The material below holds pictures, which are to be left out; copy exactly the lines from the one with "Utworzono 08-03-2017 Etui" through the one with "Black hoodie from".
#### Data to use
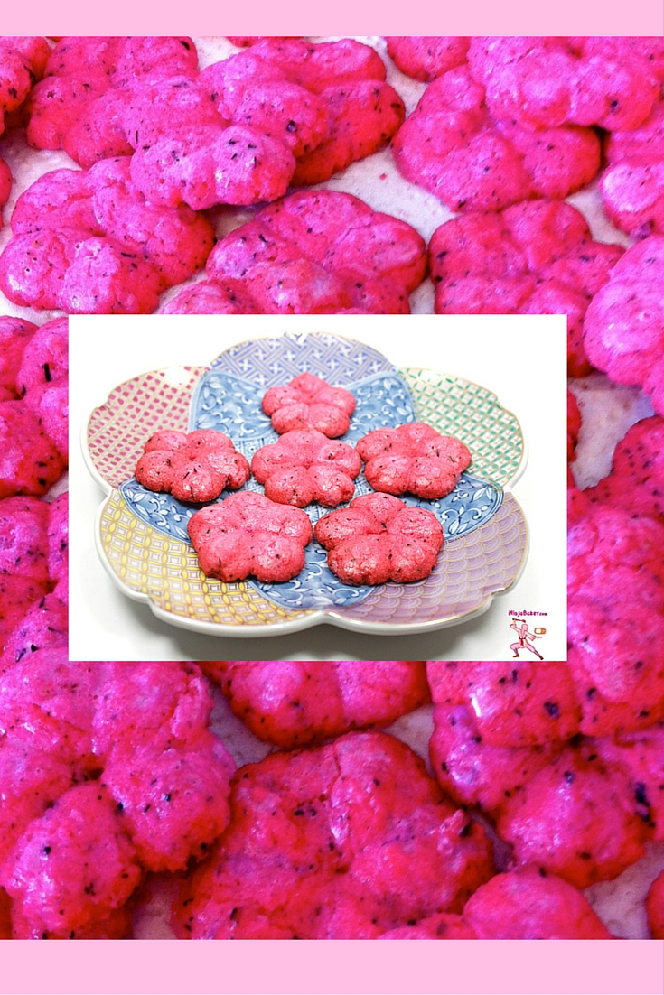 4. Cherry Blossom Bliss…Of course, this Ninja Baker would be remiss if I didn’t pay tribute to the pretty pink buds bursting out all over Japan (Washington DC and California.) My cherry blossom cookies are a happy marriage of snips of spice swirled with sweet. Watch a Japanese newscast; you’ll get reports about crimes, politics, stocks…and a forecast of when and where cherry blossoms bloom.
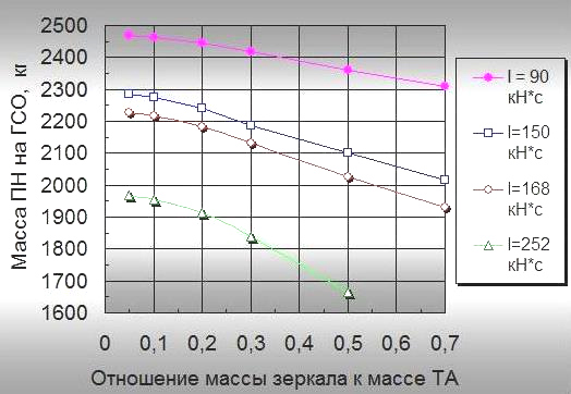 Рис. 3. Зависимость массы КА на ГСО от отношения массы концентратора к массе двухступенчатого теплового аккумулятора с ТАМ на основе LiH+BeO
########
#### Data to use
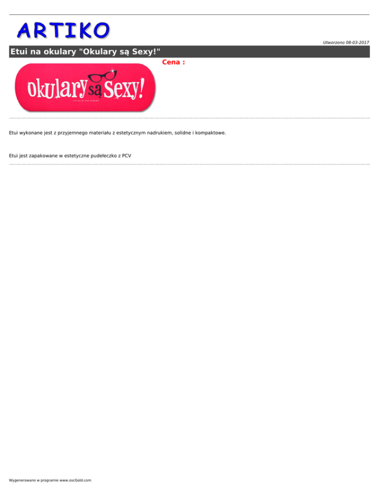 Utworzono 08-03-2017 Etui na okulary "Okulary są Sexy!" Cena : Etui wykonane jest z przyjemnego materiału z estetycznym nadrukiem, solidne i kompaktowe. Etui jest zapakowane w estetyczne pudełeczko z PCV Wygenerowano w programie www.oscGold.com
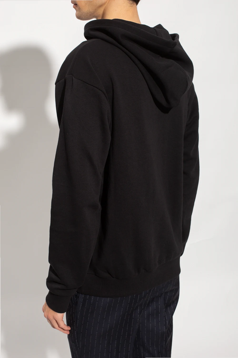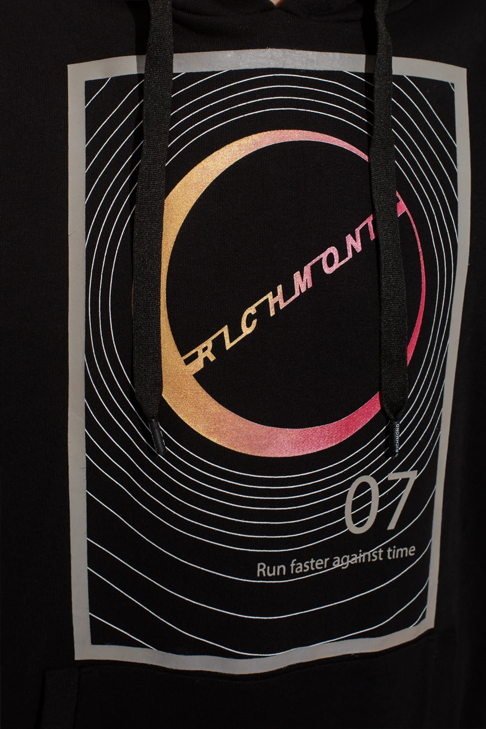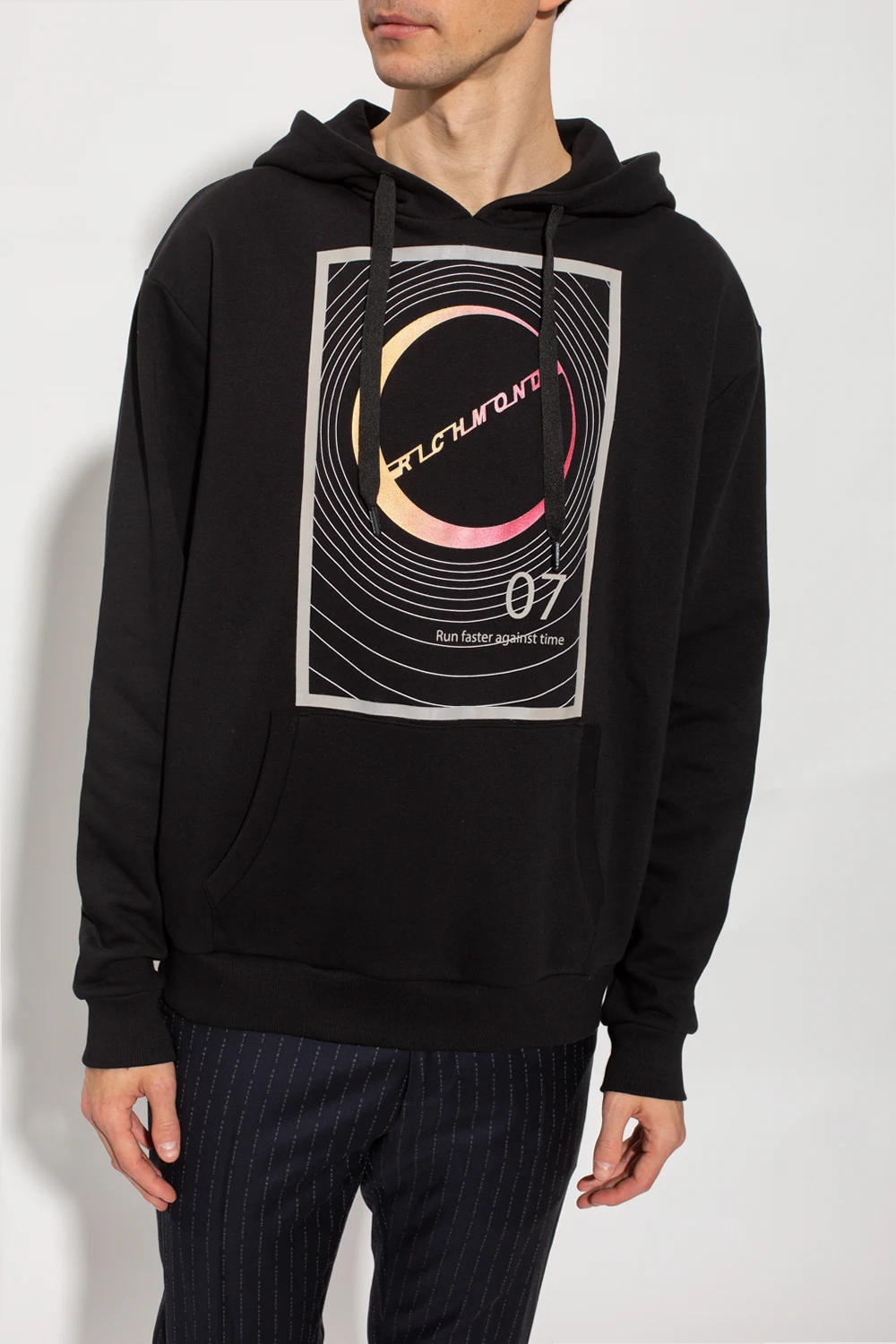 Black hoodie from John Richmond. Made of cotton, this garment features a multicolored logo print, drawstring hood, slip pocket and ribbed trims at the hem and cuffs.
########
#### Data to use
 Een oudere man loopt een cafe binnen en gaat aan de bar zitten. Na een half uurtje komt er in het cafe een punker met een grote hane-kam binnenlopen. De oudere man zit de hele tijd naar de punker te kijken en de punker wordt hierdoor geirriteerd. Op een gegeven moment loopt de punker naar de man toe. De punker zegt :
########
## Expected output
 Utworzono 08-03-2017 Etui na okulary "Okulary są Sexy!" Cena : Etui wykonane jest z przyjemnego materiału z estetycznym nadrukiem, solidne i kompaktowe. Etui jest zapakowane w estetyczne pudełeczko z PCV Wygenerowano w programie www.oscGold.com
 Black hoodie from John Richmond. Made of cotton, this garment features a multicolored logo print, drawstring hood, slip pocket and ribbed trims at the hem and cuffs.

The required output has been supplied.